RAW DATA Start Marker
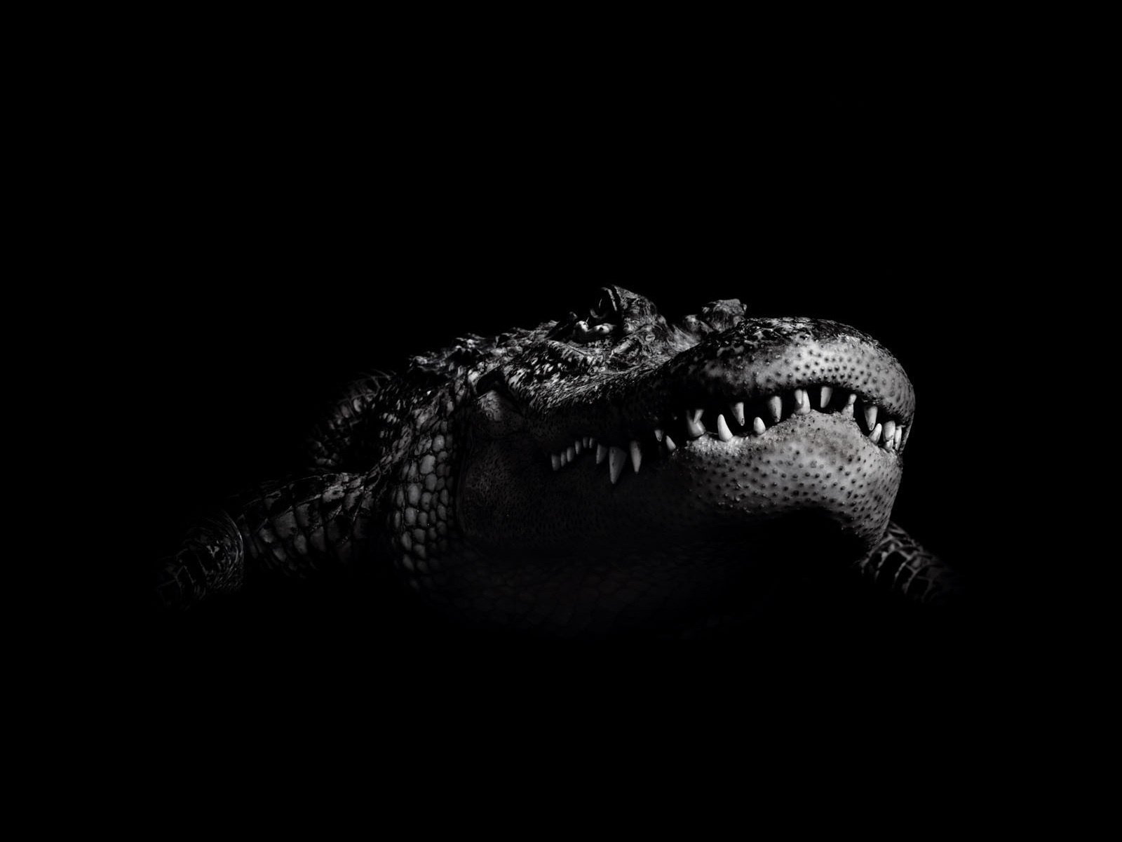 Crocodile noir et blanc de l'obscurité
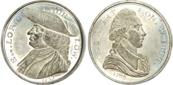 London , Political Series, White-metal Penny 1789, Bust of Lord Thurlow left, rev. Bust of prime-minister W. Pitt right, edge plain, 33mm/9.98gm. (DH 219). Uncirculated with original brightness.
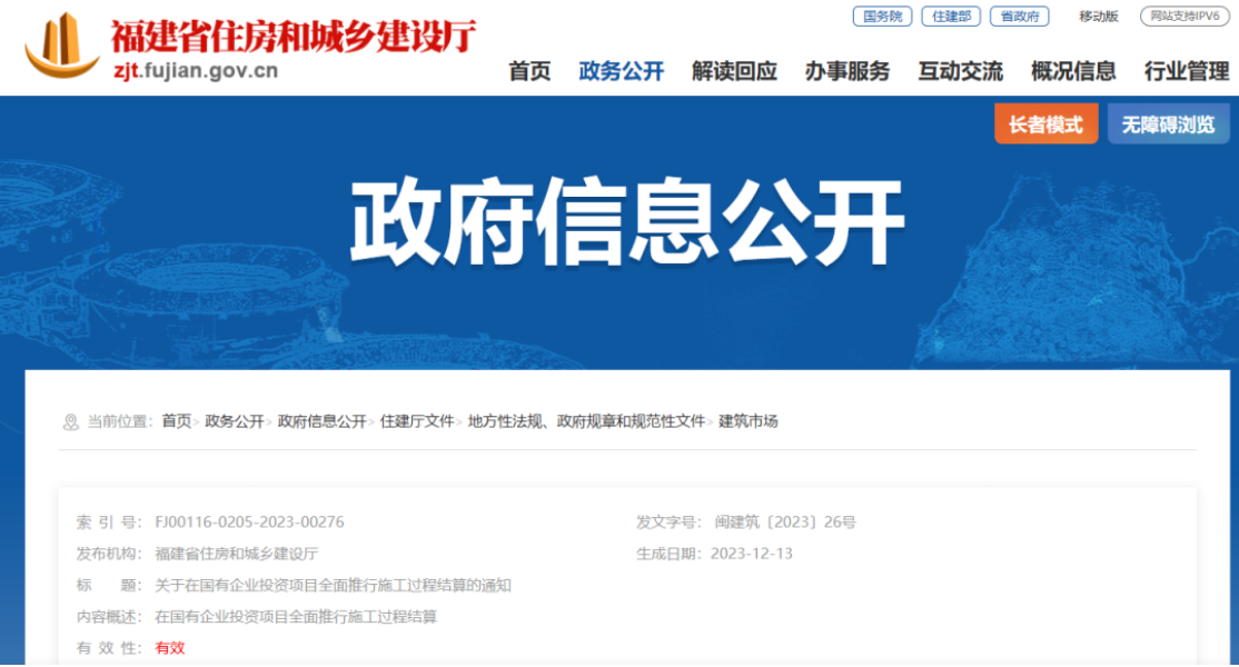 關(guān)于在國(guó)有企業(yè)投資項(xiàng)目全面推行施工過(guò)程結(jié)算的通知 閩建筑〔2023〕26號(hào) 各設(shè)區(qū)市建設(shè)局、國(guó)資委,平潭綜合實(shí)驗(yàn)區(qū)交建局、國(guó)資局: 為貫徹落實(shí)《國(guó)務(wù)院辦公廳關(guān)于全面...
RAW DATA End Marker
▶ [YOUR INSTRUCTIONS] In your reply, please print exactly the lines from the one with "London , Political" through the final line of the listing above, both included, and no pictures.

▶ [EXERCISE OUTPUT]
 London , Political Series, White-metal Penny 1789, Bust of Lord Thurlow left, rev. Bust of prime-minister W. Pitt right, edge plain, 33mm/9.98gm. (DH 219). Uncirculated with original brightness.
 關(guān)于在國(guó)有企業(yè)投資項(xiàng)目全面推行施工過(guò)程結(jié)算的通知 閩建筑〔2023〕26號(hào) 各設(shè)區(qū)市建設(shè)局、國(guó)資委,平潭綜合實(shí)驗(yàn)區(qū)交建局、國(guó)資局: 為貫徹落實(shí)《國(guó)務(wù)院辦公廳關(guān)于全面...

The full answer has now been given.